Bonitas non est pessimis esse meliorem. (Being better than the worst is not goodness.)

I think you're misinterpreting me here. My point here was that if the only way to stop MS-13 from imprisoning sex slaves in abominable conditions is to imprison MS-13 in slightly-less-abominable conditions (which also stops a bunch of other crime), the latter option strictly dominates the former.

This is The Motte, where you're supposed to "always attempt to remain inside your defensible territory, even if you are not being pressed". Either defend your claim or retract it; don't deflect and yell at me for responding to what you plainly said.

Fine. I will lay out my Views on the matter plainly.

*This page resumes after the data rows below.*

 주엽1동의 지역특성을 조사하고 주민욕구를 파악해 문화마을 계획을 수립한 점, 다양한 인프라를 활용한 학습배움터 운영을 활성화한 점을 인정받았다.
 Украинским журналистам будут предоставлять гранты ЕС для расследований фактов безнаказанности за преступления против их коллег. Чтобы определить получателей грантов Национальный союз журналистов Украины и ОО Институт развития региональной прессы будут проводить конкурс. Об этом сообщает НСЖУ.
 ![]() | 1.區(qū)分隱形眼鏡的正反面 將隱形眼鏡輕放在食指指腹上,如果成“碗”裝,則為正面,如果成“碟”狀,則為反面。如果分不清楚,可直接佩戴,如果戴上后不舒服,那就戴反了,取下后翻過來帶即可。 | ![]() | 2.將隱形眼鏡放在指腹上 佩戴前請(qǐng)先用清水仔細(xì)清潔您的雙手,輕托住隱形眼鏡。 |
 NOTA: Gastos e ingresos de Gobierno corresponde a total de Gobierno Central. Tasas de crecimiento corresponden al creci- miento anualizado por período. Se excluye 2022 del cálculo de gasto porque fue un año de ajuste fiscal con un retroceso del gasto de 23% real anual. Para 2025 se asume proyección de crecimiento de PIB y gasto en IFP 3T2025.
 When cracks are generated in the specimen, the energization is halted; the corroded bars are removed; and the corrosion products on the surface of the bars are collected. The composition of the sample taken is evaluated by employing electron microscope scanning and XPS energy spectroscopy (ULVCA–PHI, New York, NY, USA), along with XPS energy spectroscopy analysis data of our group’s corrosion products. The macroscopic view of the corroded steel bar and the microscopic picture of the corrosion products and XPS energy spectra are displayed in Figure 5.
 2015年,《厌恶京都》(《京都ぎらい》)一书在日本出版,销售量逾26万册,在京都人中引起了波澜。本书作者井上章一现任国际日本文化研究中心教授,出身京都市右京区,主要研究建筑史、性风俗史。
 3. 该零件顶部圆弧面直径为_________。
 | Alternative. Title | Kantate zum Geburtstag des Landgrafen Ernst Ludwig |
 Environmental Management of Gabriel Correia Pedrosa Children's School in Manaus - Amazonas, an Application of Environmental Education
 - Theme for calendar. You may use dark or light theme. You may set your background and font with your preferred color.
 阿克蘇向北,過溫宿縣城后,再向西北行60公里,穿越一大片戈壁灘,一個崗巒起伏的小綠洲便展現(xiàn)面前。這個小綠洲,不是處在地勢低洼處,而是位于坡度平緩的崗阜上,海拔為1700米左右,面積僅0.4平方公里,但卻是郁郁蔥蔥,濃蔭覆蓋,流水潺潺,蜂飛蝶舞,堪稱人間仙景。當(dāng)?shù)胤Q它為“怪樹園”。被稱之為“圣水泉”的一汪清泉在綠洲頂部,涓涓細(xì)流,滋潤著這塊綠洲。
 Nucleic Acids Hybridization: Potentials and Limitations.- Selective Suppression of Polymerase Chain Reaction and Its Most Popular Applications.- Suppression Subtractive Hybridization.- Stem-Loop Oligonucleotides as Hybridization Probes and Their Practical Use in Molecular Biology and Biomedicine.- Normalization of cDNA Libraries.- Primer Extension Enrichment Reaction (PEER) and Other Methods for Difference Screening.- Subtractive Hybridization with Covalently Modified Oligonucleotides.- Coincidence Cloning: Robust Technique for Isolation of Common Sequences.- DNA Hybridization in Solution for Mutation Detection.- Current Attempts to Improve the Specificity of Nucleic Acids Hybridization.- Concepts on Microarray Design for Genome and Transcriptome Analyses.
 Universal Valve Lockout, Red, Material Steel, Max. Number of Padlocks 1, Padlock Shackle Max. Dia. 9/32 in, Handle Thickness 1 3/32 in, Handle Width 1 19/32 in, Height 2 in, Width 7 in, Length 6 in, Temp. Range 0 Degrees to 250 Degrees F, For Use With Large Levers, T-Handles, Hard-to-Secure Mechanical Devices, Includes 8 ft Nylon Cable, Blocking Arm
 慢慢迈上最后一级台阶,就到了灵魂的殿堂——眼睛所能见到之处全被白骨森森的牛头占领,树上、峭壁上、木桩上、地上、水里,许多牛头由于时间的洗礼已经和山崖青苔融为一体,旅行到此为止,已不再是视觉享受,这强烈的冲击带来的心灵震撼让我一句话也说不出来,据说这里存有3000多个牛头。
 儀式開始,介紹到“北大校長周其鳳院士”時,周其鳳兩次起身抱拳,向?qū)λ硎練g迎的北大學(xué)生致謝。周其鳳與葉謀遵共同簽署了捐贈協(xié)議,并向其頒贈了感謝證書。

As I have said elsewhere, I do not like MS-13. They are bastard-coated bastards with bastard filling, and Something Needed To Be Done About Them.

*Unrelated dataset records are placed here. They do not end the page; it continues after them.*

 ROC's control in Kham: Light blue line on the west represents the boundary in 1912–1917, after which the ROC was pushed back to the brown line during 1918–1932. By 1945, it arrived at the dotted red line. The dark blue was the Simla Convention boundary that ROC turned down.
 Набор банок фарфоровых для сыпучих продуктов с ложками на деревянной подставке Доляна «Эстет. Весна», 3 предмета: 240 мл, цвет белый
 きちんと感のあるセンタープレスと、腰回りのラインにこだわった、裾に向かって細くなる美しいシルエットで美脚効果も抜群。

However, Mr Bukele's chosen approach was both

  1. not necessary to solving the problem, and

  2. not justifiable.

The former is demonstrated by the possibility of more humane methods, such as the methods I would endorse if my area were suffering similar depredations. (If someone is probably a gang member but has not been convicted beyond reasonable doubt, detain them under a regime akin to that applied to POWs [conditions no more severe than those extended to our service-members, Red Cross access to detainees to verify humane treatment, release anyone not convicted in a court of law after crisis is over].)

The latter derives from the concept of the 'ethical injunction'.

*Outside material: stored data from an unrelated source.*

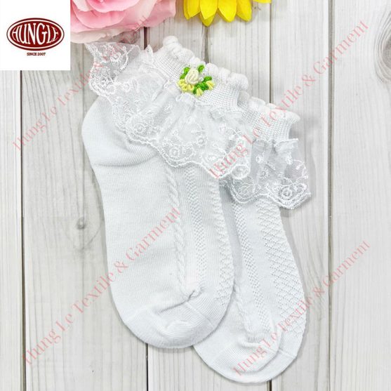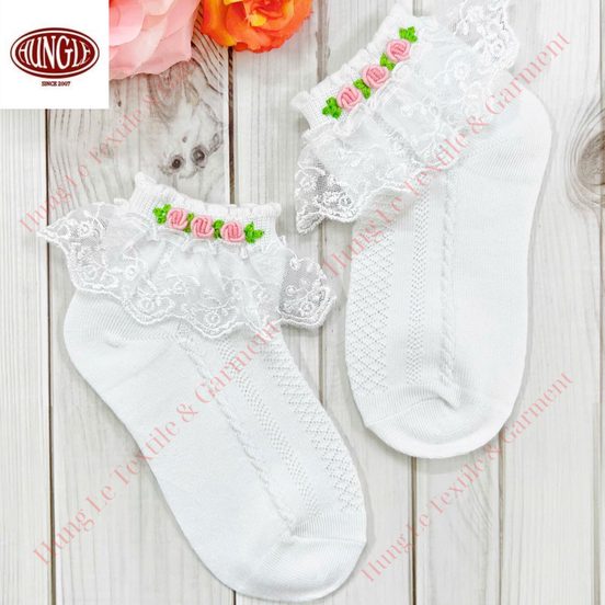 These thin, soft baby socks are made from 100% cotton and finished with knitted construction and delicate floral hand embroidery for a premium, vintage-inspired look; breathable, quick-dry, and eco-friendly with needle detection for quality assurance, manufactured in Ho Chi Minh City, Vietnam and available for international sourcing/export with OEM/ODM accepted, custom sizes, multiple flower color options, and customer logo support, with sample lead time 7–10 working days and delivery 7–15 days depending on order volume.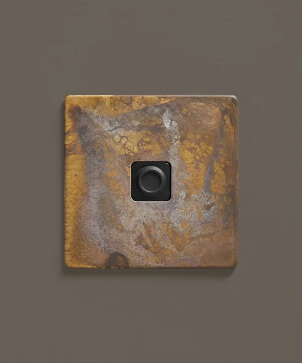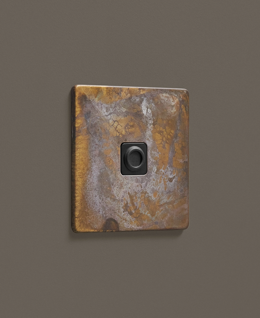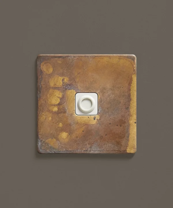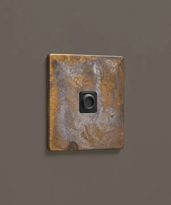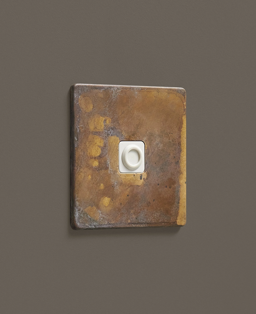 - This finish is made to change and age with wear, making each switch unique, differing from batch to batch. We strongly advise ordering items for the same room together to ensure consistency. If fitted to freshly plastered walls, there is a chance the dampness will encourage the brass finish of this switch to corrode.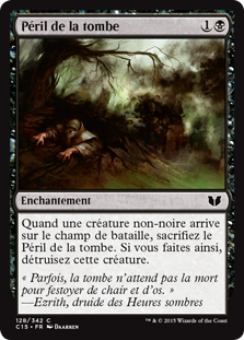 | Rules | When a nonblack creature enters the battlefield, sacrifice Grave Peril. If you do, destroy that creature. |

Tthere are certain things such that, under a purely act-utilitarian-consequentialist framework, the circumstances in which $THING is justified are vastly outnumbered by the circumstances in which $THING looks justified, but isn't. Thus, if from the inside view, it appears that one is faced with only the options of 'Do $THING' or '$WORSE_OUTCOME', it is nevertheless highly probable from the outside view that you are wrong.

One therefore ought not to do $THING even if it seems necessary; this in practise works out to ruat cælum. (cf. "Sacred Values Are How Ethical Injunctions Feel From The Inside", Thing of Things, April 2016.)

(There is also a game-theoretical explanation, which is left as an exercise for the reader.)

You never answered that question the other day about exactly how incredibly privileged and sheltered you are. Why do you believe that you have shared values with the murder-cult warlords who were terrorizing a nation less than a handful of years ago? Why do you think that you know better the exact line that can be drawn on exactly how rough one must be to repress the murder-cult, compared to the politician who actually accomplished that? Have you ever successfully spearheaded any kind of harm reduction effort comparable to reducing a nation's murder rate by 99%?

And once again, please explain what the purportedly inhumane conditions are. When I looked, CNN said it was "spartan rooms" and the machismo-fueled murder-cult prisoners were made to kneel while their heads were shaved, which probably didn't make them feel very good.

You never answered that question the other day about exactly how incredibly privileged and sheltered you are.

That wasn't so much a question as an insult.